Pregnancy is divided into three trimesters, each with distinct phases of fetal development and maternal change. Understanding what happens at each stage helps you make informed decisions about nutrition, supplementation, and self-care.


First Trimester (Weeks 1–12)

Fetal development

The first trimester is the most critical period for fetal development. By week 6, the heart is beating. By week 8, all major organs have begun to form. Neural tube closure — which determines brain and spinal cord development — occurs by week 6, making early folate intake essential.
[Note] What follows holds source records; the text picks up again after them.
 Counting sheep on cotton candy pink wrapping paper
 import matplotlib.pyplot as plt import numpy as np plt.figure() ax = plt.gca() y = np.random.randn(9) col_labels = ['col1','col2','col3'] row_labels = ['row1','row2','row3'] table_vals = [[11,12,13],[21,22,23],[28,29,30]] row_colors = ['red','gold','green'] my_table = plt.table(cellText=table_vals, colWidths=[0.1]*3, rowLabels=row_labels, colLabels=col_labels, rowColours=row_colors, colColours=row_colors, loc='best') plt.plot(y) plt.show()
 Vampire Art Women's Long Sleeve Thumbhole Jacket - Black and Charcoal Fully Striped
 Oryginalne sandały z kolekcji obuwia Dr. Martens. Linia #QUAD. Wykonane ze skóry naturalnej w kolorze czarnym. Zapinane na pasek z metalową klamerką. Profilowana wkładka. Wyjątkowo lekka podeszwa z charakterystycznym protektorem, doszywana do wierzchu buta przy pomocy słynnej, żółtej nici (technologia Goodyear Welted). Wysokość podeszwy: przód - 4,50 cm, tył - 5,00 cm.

By week 12, the fetus is fully formed and approximately 6cm long.

Maternal changes

hCG (the pregnancy hormone) rises rapidly, causing nausea, fatigue, and breast tenderness. Blood volume begins to increase. The uterus grows but is not yet visible externally for most women.

Key nutritional priorities

  • Methylfolate: neural tube closure
  • Vitamin D: immune support and early bone development
  • B6: may reduce nausea
  • Iron: begin building stores early
  • DHA: early brain development
  • Choline

Second Trimester (Weeks 13–26)

Fetal development

The second trimester is often called the ‘golden period’ of pregnancy. The fetus grows rapidly — from around 7cm at week 13 to approximately 35cm by week 26. Movements become detectable (quickening) from around weeks 16–20. The fetus develops hearing, and the lungs begin to mature.

Maternal changes

Nausea typically eases. Energy levels often improve. The bump becomes visible. The cardiovascular system continues to adapt — blood volume increases by up to 50% by the end of pregnancy. Heartburn, back pain, and round ligament pain become more common.
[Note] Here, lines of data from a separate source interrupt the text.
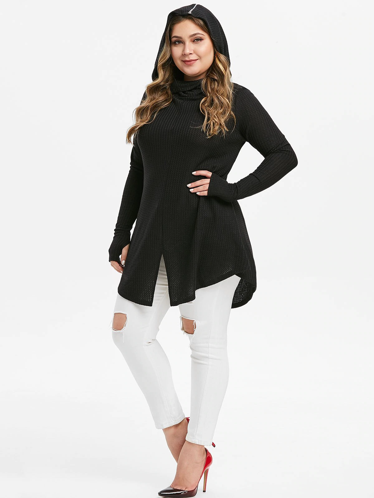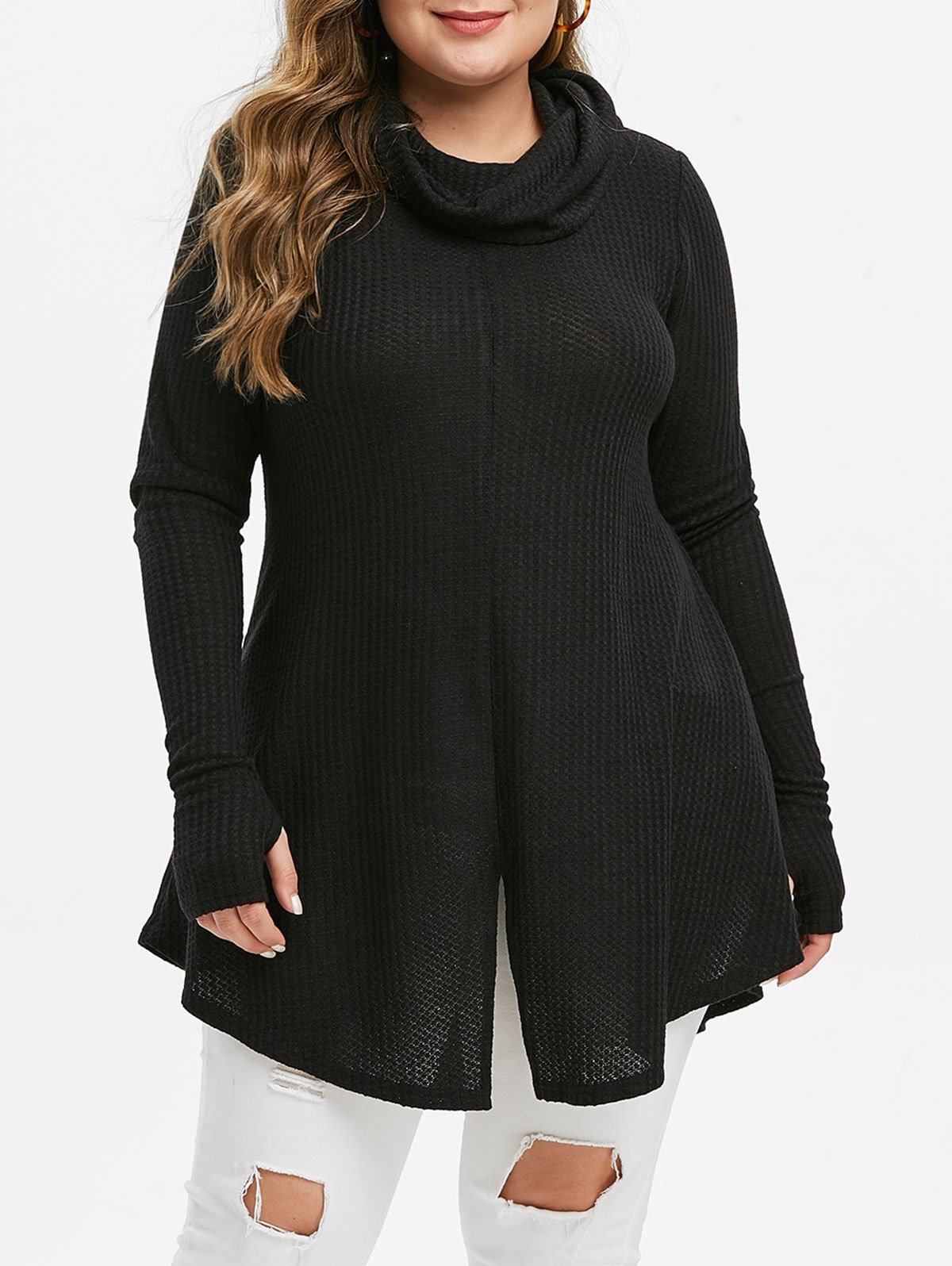 Plus Size Cowl Neck Slit Tunic Knitwear
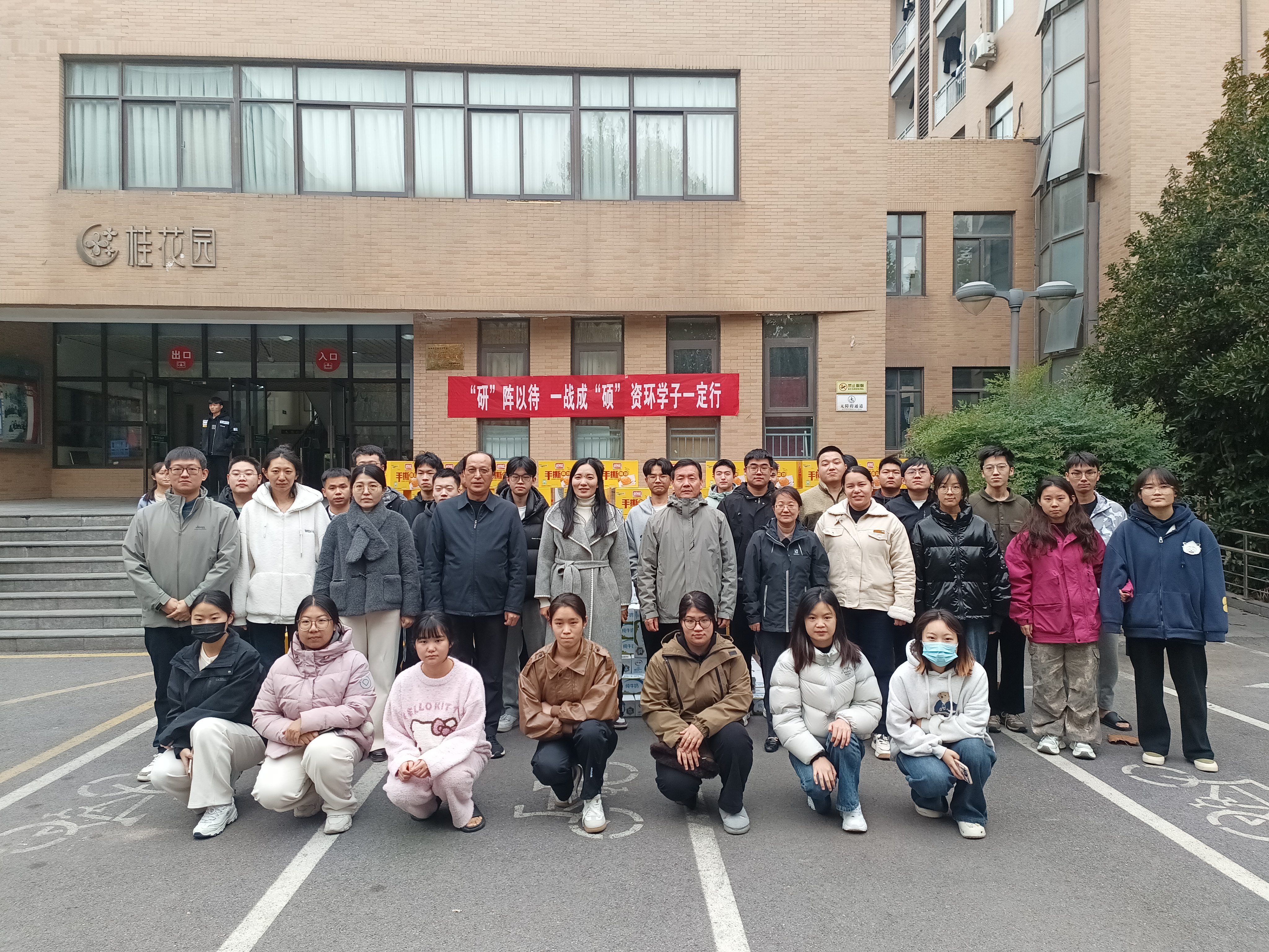在龙子湖校区桂花园楼下举行考研送温暖活动。学院党委书记李兴道,党委副书记陈景红,副院长刘世亮、李玲,以及全体团委老师在活动现场为2025年考研学生加油打气。
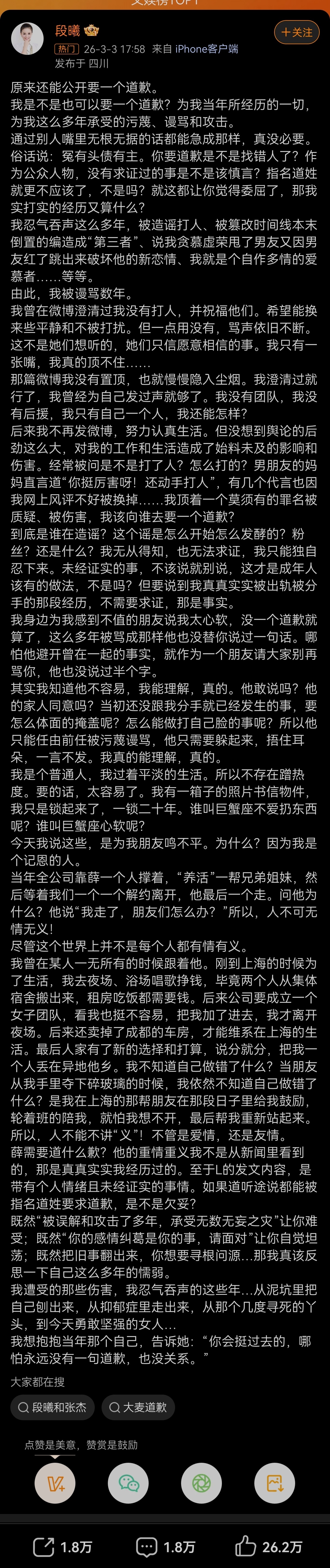 张杰前女友 被出轨是事实 段曦发文控诉,称当年被出轨是事实,多年来遭受污蔑谩骂却无人澄清。她质疑谢娜要求薛之谦道歉的同时,谁来向她道歉?并力挺薛之谦重情重义。娱乐圈这瓜把中东热点都压下去了,波斯人打仗不行,造流量也不行。

Key nutritional priorities

  • Iron: blood volume expansion accelerates
  • Calcium: fetal bone mineralisation begins
  • Magnesium: muscle function and sleep
  • DHA: brain and eye development continues
  • Vitamin C: collagen synthesis and iron absorption

Third Trimester (Weeks 27–40)

Fetal development

The third trimester is dominated by growth and maturation. The fetus gains approximately 200g per week. DHA accumulates rapidly in the brain. The lungs mature in preparation for breathing. The fetus moves into a head-down position (usually by week 36) in preparation for birth.

Maternal changes

Physical discomfort increases as the uterus expands. Shortness of breath, pelvic girdle pain, swelling, and sleep difficulties are common. Braxton Hicks contractions become more frequent. The body begins preparing for labour — the cervix softens and the baby engages in the pelvis.

Key nutritional priorities

  • DHA: peak accumulation in fetal brain
  • Iron: highest requirements in third trimester
  • Vitamin K2: fetal bone mineralisation
  • Magnesium: leg cramps, sleep, and preterm labour prevention
  • Vitamin D: immune function and calcium absorption

The Fourth Trimester (Weeks 1–12 postpartum)
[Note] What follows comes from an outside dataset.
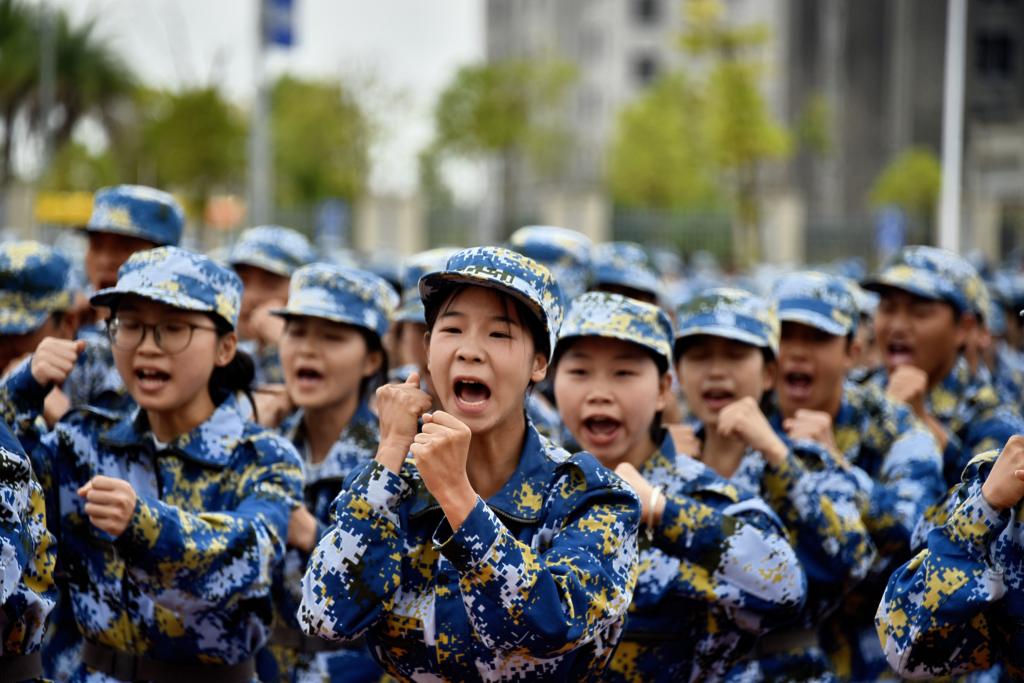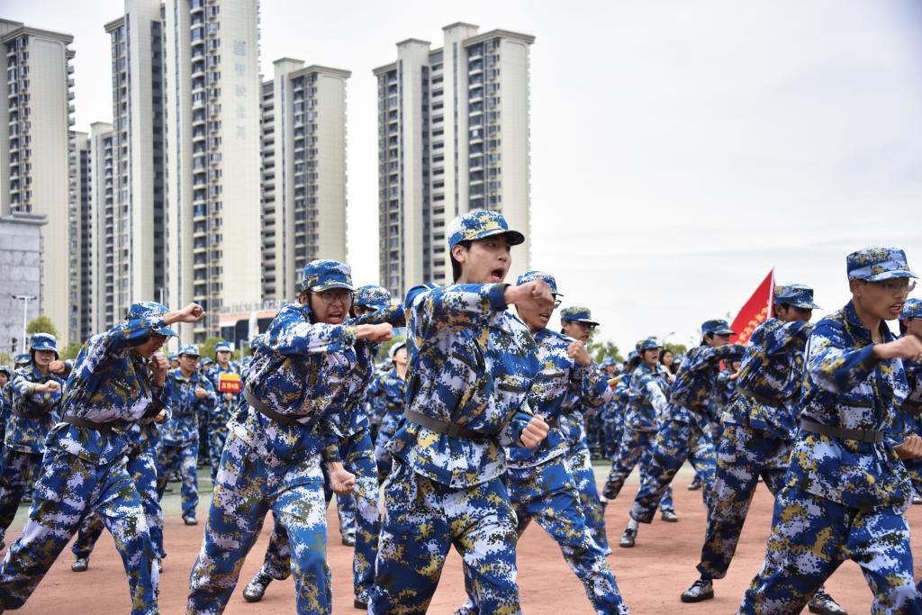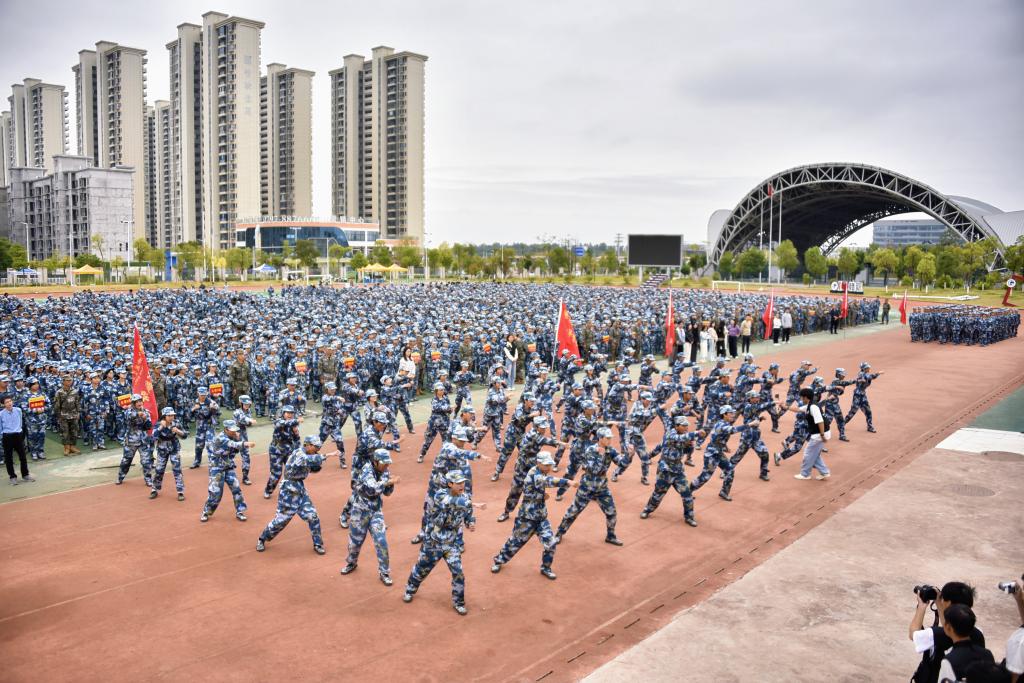 随后,由各营派出的60人方队依次进行了会操表演,展示了新生们经过14天军训后的飒爽英姿和坚定意志。他们的步伐整齐划一,口号响彻云霄,充分展现了军训的丰硕成果。
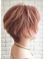 ショートレイヤー。明るいイノアカラーとハイライト、イヤリングカラーの組み合わせ。メタルDX で前処理、後処理にケラスターゼカクテルトリートメント施術。明るく立体的なスタイルに。

The fourth trimester refers to the 12 weeks after birth — a period of profound physical and emotional adjustment for the mother. Nutritional needs shift significantly, particularly if breastfeeding. See our Postnatal Health pillar for full guidance.


Frequently asked questions

How is pregnancy dated?
Pregnancy is dated from the first day of the last menstrual period (LMP), not from conception. This means weeks 1–2 of pregnancy occur before conception. The due date is calculated as 40 weeks from LMP.

What is a full-term pregnancy?
Full term is defined as 39–40 weeks. Early term is 37–38 weeks; late term is 41 weeks; post-term is 42+ weeks.